MLA (Multi-Latent Attention): SGLang was one of the first frameworks to support this attention variant introduced in DeepSeek V2, along with DP attention optimizations for DeepSeek V3.

Constrained Decoding with FSM: SGLang supports structured output generation using finite state machines through integration with libraries like Outlines and XGrammar. The “jump forward” technique allows skipping token-by-token decoding when the output must follow certain rules, though this is disabled by default due to complexity of maintaining compatibility with other optimizations.

The choice between frameworks ultimately depends on use case: TensorRT-LLM offers best-in-class latency for latency-sensitive scenarios, SGLang provides excellent performance with easier customization, and vLLM has strong community support. Importantly, the SGLang team noted that NVIDIA’s TensorRT-LLM team has promised to modularize their codebase so frameworks like SGLang can pick and choose components.

Baseten’s Three Pillars for Mission-Critical Inference

Amir articulated a framework for understanding what it takes to run mission-critical inference workloads, emphasizing that each pillar is necessary but not sufficient on its own:

Pillar 1: Model-Level Performance This encompasses optimizations at the single-model, single-GPU level. The serving framework matters here, but so do techniques like speculative decoding (with draft models or Medusa heads). Critically, the framework supporting speculative decoding is just the beginning—teams must also train or fine-tune draft models using appropriate data to achieve high acceptance rates. Baseten implements speculative decoding with techniques that guarantee unchanged output (unlike quantization).

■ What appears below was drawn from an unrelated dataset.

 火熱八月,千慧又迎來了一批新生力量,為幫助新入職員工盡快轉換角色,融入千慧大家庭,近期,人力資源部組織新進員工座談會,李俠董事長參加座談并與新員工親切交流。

Pillar 2: Horizontal Scaling Infrastructure When a single model replica can’t handle traffic, horizontal scaling becomes essential—and this is fundamentally an infrastructure problem, not an ML problem. Standard Kubernetes autoscaling doesn’t work for mission-critical inference workflows; Baseten has rebuilt many infrastructure components from scratch. Beyond single-cluster scaling, they’ve built multi-region and multi-cloud capabilities, allowing a single model to have replicas across different regions and cloud providers (e.g., 50 replicas in GCP East, 80 in AWS West, some in Oracle London). This addresses capacity limits within single regions and provides latency optimization for geographically distributed users.

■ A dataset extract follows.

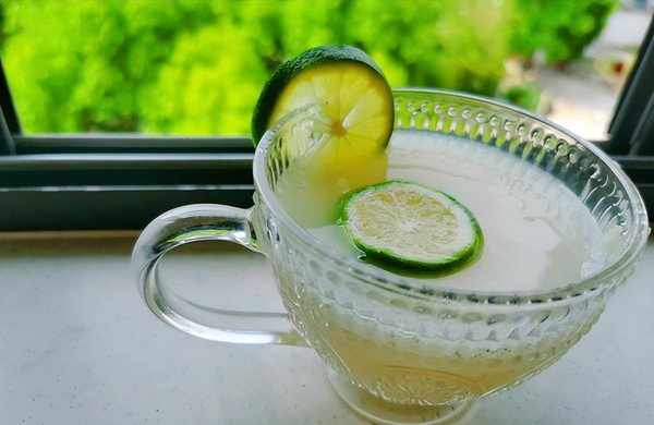 2、青檸切半,放入杯子裡

Pillar 3: Developer Experience and Workflow Enablement Baseten developed “Truss Chains” to enable multi-step, multi-model inference workflows with minimal latency. The example given was Bland AI’s phone call application, which requires: speech-to-text transcription, multiple LLM calls for response generation, and text-to-speech synthesis. Orchestrating these as separate API calls introduces unacceptable network latency. With Truss Chains, models run independently with their own autoscaling but stream data directly between steps, achieving sub-400ms end-to-end latency for realistic AI phone calls.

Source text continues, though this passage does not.